» Your assignment: The data should be written out in full, exactly as it stands, and the pictures dropped.

» The data:
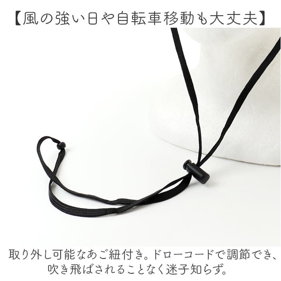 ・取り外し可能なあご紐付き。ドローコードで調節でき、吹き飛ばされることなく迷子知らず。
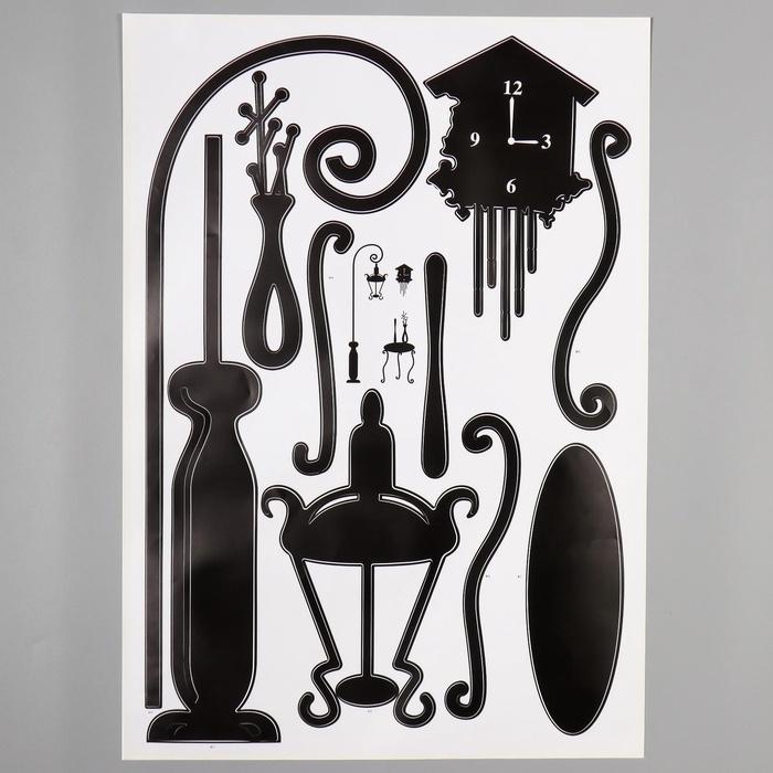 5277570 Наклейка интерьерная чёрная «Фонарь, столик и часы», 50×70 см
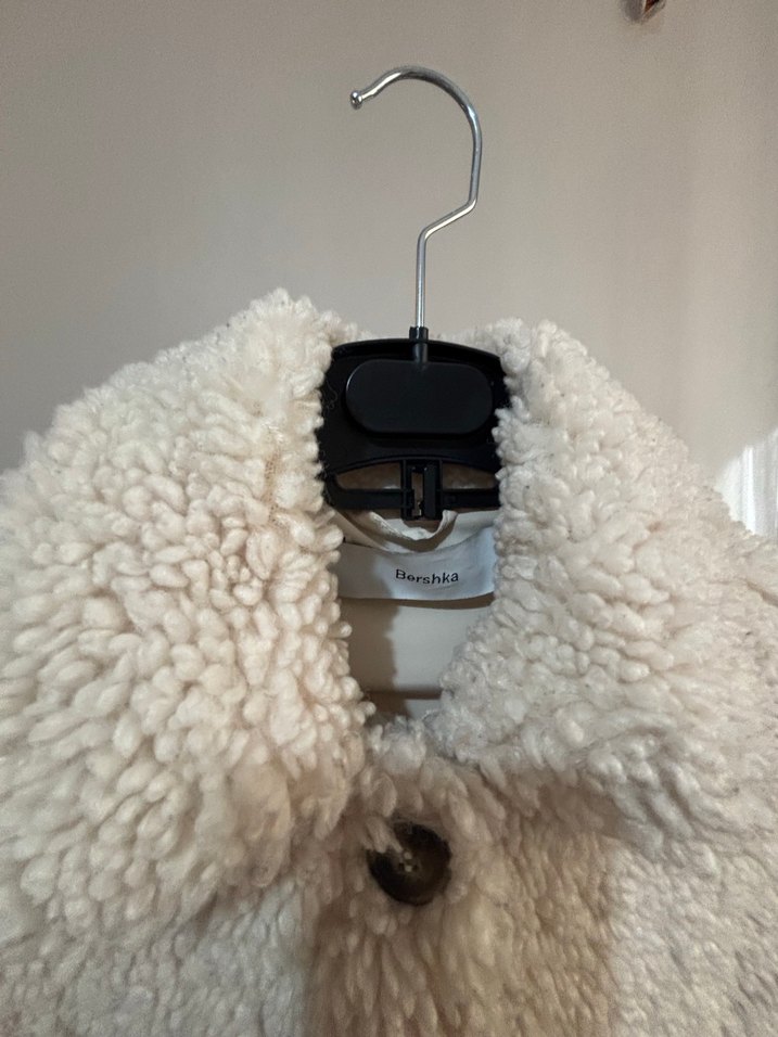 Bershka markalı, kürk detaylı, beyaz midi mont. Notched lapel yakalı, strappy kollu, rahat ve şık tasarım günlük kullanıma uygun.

» Your response:
 ・取り外し可能なあご紐付き。ドローコードで調節でき、吹き飛ばされることなく迷子知らず。
 5277570 Наклейка интерьерная чёрная «Фонарь, столик и часы», 50×70 см
 Bershka markalı, kürk detaylı, beyaz midi mont. Notched lapel yakalı, strappy kollu, rahat ve şık tasarım günlük kullanıma uygun.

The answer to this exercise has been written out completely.